Although the Hoyle incidents occurred from late May or early June 2005 to November 2005, id., a shorter time frame than in this case, the alleged incidents are far less severe than those in this case. As the Hoyle court stated, "[t]he question at the summary judgment stage is not whether a jury is sure to find a verdict for the plaintiff; the question is whether a reasonable jury could rationally so find." Hoyle, 2011 WL 1206658, at *9 (emphasis in original). The Court bears Hoyle in mind here.
Thus, looking at the totality of the circumstances and taking the evidence in the light most favorable to the non-movant, Defendant has not shown that no reasonable juror could find that Young's conduct was severe or pervasive enough to create an abusive work environment.
ii. Imputable to the County
As to the fourth element, imputing Young's conduct to the County, "[i]n a case where an employee is sexually harassed by a coworker . . . the employer may be liable only `if it knew or should have known about the harassment and failed to take effective action to stop it.'" Howard v. Winter, 446 F.3d 559, 565 (4th Cir. 2006) (quoting Ocheltree, 335 F.3d at 334).

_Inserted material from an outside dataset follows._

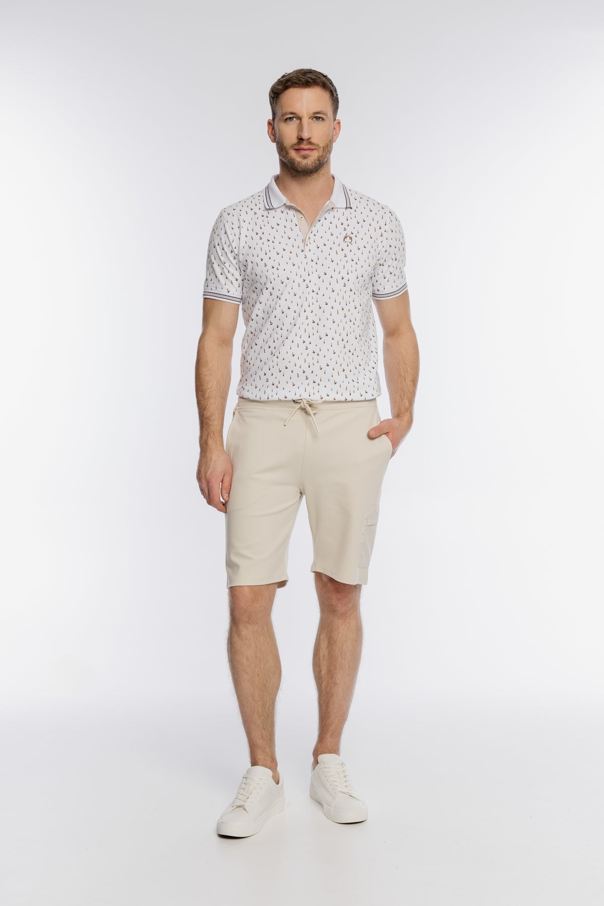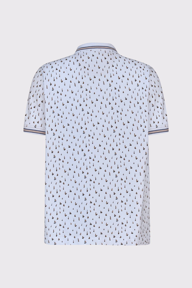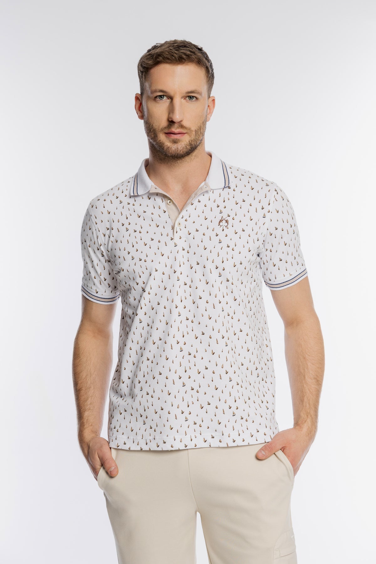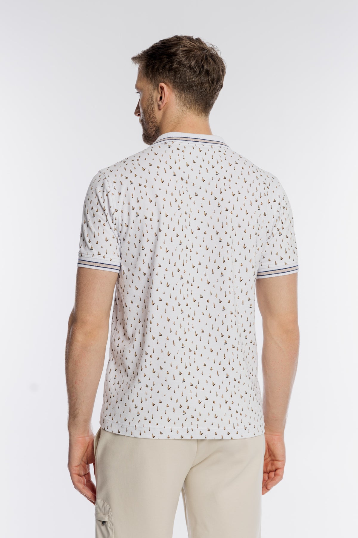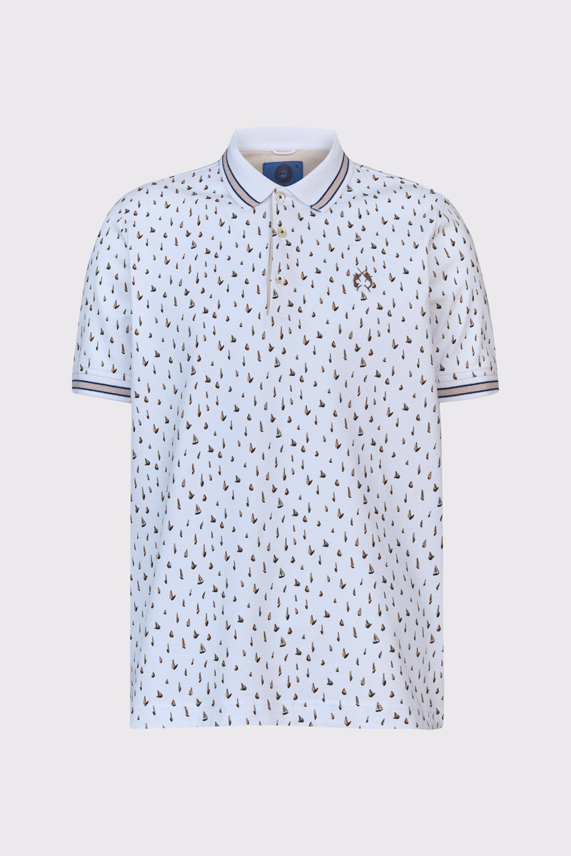 Wyjątkowa męska koszulka polo marki Campione w kolorze białym, pokryta gęstym wzorem drobnych żaglówek. Ten marynistyczny motyw idealnie wpisuje się w letnią estetykę marki i nadaje stylizacji lekkości. Polo posiada klasyczny kołnierzyk z subtelnymi paskami na brzegach oraz ściągacze przy rękawach z identycznym detalem. Wykonana z najwyższej jakości bawełny, gwarantuje wygodę i trwałość użytkowania. Haftowane logo na piersi stanowi eleganckie dopełnienie całości, sprawiając, że jest to doskonały wybór na wakacyjne wyjazdy.

The parties appear to agree that Young was not Bland's supervisor, which would subject Defendant to a higher standard for culpability than the standard for coworker harassment. See Howard, 446 F.3d at 565 (stating that in a case of harassment by a supervisor `with immediate (or successively higher) authority over the employee,' an employer is vicariously liable for the harassment, subject to limited affirmative defenses" (quoting Burlington Indus., Inc. v. Ellerth, 524 U.S. 742, 765 (1998))). Regardless of whether Young was Bland's supervisor, Defendant has not shown that summary judgment is appropriate with respect to whether Young's offending conduct is imputable to the County under either standard.

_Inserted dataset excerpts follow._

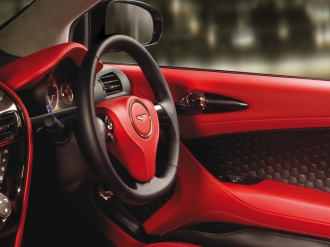 ただしドアを開けて中に乗り込むと、それ以上の感動を覚えます。レザーやアルカンターラをたっぷり使った仕上がりはまさにアストンマーティン。聞いた話では、レザーはDB9と同質で70%にあたる量を使用というから驚きです。そういえば、乗り込んだときの匂いがDB9と同じでした。レザーの匂いかと思われます。
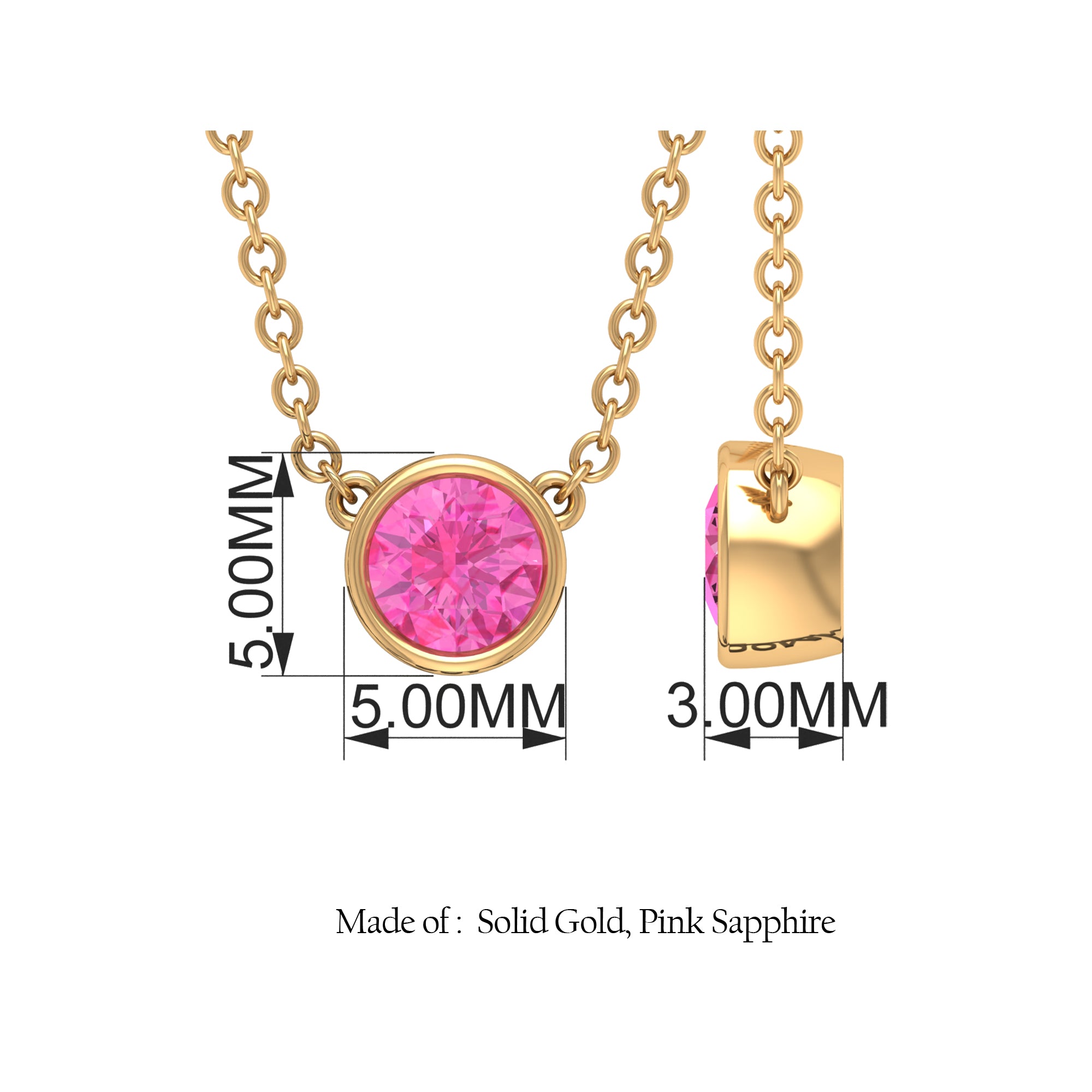 This Pink Sapphire Pendant Necklace exudes a bright hue which makes the wearer center of attraction. It features a 5 MM Round Shape Pink Sapphire in Bezel Setting. This Solitaire Pendant exudes the shine of AAA Quality Pink Sapphire which makes it perfect to complete the look for special days. This Bezel Set Pendant will be delivered to you in premium packaging with the certificate of authenticity.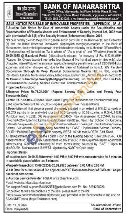 All that plece or parcel of property situated in an extent of 648.52 sq. yards or 542.245 sq mirs in an undivided share of 60.5 sq.yards or 50.58 sq.mtrs in R.S.No.147/8, Municipal Ward No.32E, Old Assessment No.34906, New Assessment No.265447, bearing D.No. 50A-21/4-3, Behind: Lalitha Hospital, Dasari Vari Street, Near: High School, R.R.Gardens, Palamata, vijayawada, Krishna District, Andhra Pradesh which belongs to Pavuluri Subrahmanya Swamy, Slo. Venkata Subbalah being bounded by: EAST: Pydimukkala Saiman Property SOUTH: Pathipati Ramachandra Rao property, WEST: 16% ft. road.NORTH: 33 ft. Road. A Flat/Apartment No.502, on the Fourth Floor of the building bearing D.No.59A-21/4-3, Old Assessment No 620057, New Assessment No. 1073 196868 in the Gayathri Nilayam Apartment, admeasuring 1780 sq.ft consisting of three rooms being bounded by EAST: Open to sky SOUTH: Stair case and lift. WEST: Open to sky NORTH: Open to sky,

In this case, a reasonable juror could find that Defendant knew or should have known about the harassment and failed to take effective action to stop it. The County argues that "[b]ecause the Department had no notice of the August 22, 2001 interview and the six telephone calls between January 2002 and June 2003, it had no opportunity to investigate or take corrective action . . . and it cannot therefore, be held liable." (Mem. at 23.) And, once Bland reported the November 2007 incident, the Department "promptly investigated and remedial action was taken." (Mem. at 23.) Defendant emphasizes that Young's conduct stopped after Bland reported him. (Mem. at 22.)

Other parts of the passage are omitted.